[DIRECTIONS]
Repeat exactly the lines below from the line that contains "En el palacio" to the last line, inclusive, without the pictures.
===== DATA SEGMENT
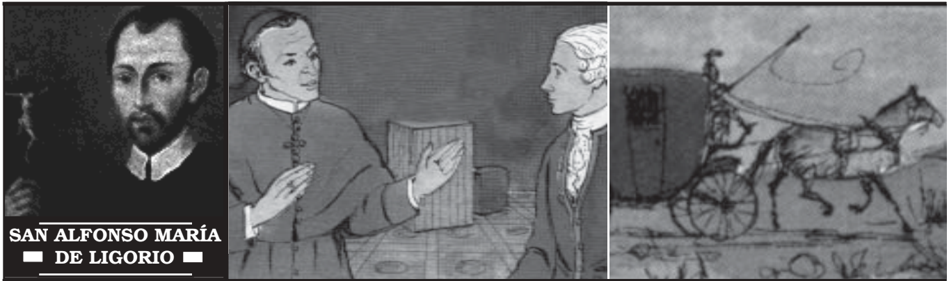
■ SAN ALFONSO MARÍA DE LIGORIO ■

En el palacio del nuevo Obispo, sus servidores le presentaban numerosos regalos de gran valor que le enviaban los nobles y ricos del pueblo. Alfonso ordenó devolver inmediatamente todos los presentes a sus dueños originales, comunicándoles a su vez que el nuevo Obispo no recibirá ningún tipo
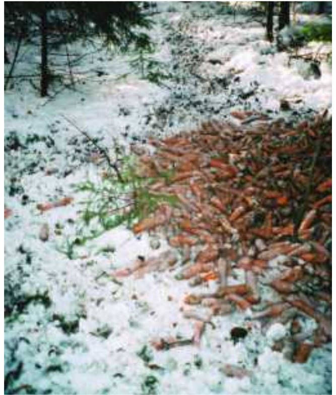
Porkkanat maistuvat peuroille.

Metsien uudistushakkuut ovat viime vuosikymmeninä muuttaneet alueita ja tuoneet ruokaa varsinkin hirvieläimille. Toisaalta esimerkiksi peurat tarvitsevat riittävän vanhoja tiheitä kuusikoita viihtyäkseen alueella myös talvisaikaan. Kuten tiedetään, riistakannan vaihtelut johtuvat lajeittain monestakin eri asiasta, mihin riistanhoidollakaan ei aina voi ratkaisevasti vaikuttaa.
==========
[WRITTEN REPLY]
En el palacio del nuevo Obispo, sus servidores le presentaban numerosos regalos de gran valor que le enviaban los nobles y ricos del pueblo. Alfonso ordenó devolver inmediatamente todos los presentes a sus dueños originales, comunicándoles a su vez que el nuevo Obispo no recibirá ningún tipo
Porkkanat maistuvat peuroille.

Metsien uudistushakkuut ovat viime vuosikymmeninä muuttaneet alueita ja tuoneet ruokaa varsinkin hirvieläimille. Toisaalta esimerkiksi peurat tarvitsevat riittävän vanhoja tiheitä kuusikoita viihtyäkseen alueella myös talvisaikaan. Kuten tiedetään, riistakannan vaihtelut johtuvat lajeittain monestakin eri asiasta, mihin riistanhoidollakaan ei aina voi ratkaisevasti vaikuttaa.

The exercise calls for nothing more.